320. “I am a bastard brother of thine,” says Hobby in 263; cf. 282. But in B 7 and ‘Hobie Noble,’ 3, he is an Englishman, born in Bewcastle, and banished to Liddesdale.
321. This device, whether of great practical use or not, has much authority to favor it: Hereward, De Gestis Herwardi, Michel, Chroniques A. Normandes, p. 81; Fulk Fitz-Warin, Wright, p. 92; Eustache le Moine, Michel, p. 55, vv. 1505 ff. (see Michel’s note, p. 104 f.); Robert Bruce, Scotichronicon, Goodall, II, 226; other cases in Miss Burne’s Shropshire Folk-Lore, pp. 16, 20, 93 note. It is repeated in ‘Archie o Cawfield.’

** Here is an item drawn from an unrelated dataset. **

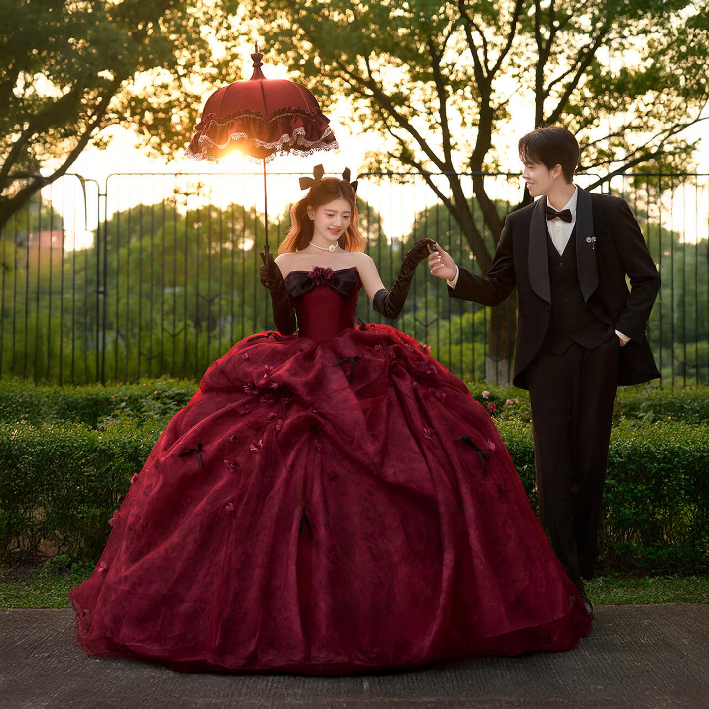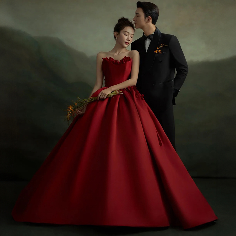 影楼主题拍照服装拖尾礼服酒红色情侣旅拍写真油画风唯美抹胸婚纱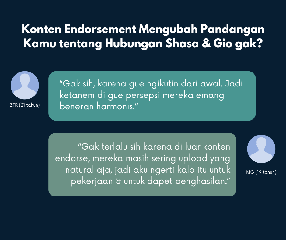 Selain itu, ditemukan juga bahwa konten bermuatan endorseternyata tidak memengaruhi pandangan terkait keharmonisan hubungan romansa yang ditampilkan akun @_shaz oleh informan ZTR dan MG.

322. Bay and grey should be exchanged in B 10, C 7.
323. Miswritten Capeld; again in 124.
324. “Tradition says that his [Archie’s] name was Archibald Armstrong.” (Note at the end of the MS.)
325. Belonging to John’s Christie, son of Johnie Armstrong. Christie of Barnglish was in Kinmont Willie’s rescue. R. B. Armstrong, Appendix, p. cii, No LXIV; T. J. Carlyle, The Debateable Land, p. 22. Tytler, IX, 437.
326. The “white hand” in the Slovenian ballad, II, 350, is hard to explain unless there is a mixture of a prison-ballad and a snake-ballad.
327. “The earldom of Huntingdon was vacant from about 1487 to 1529, and, as the Fitz-Walters were lineally descended from the daughter of the first Simon de St Liz, Earl of Huntingdon, this may have suggested to Skelton the idea of giving that title to the husband of Matilda Fitz-Walter.”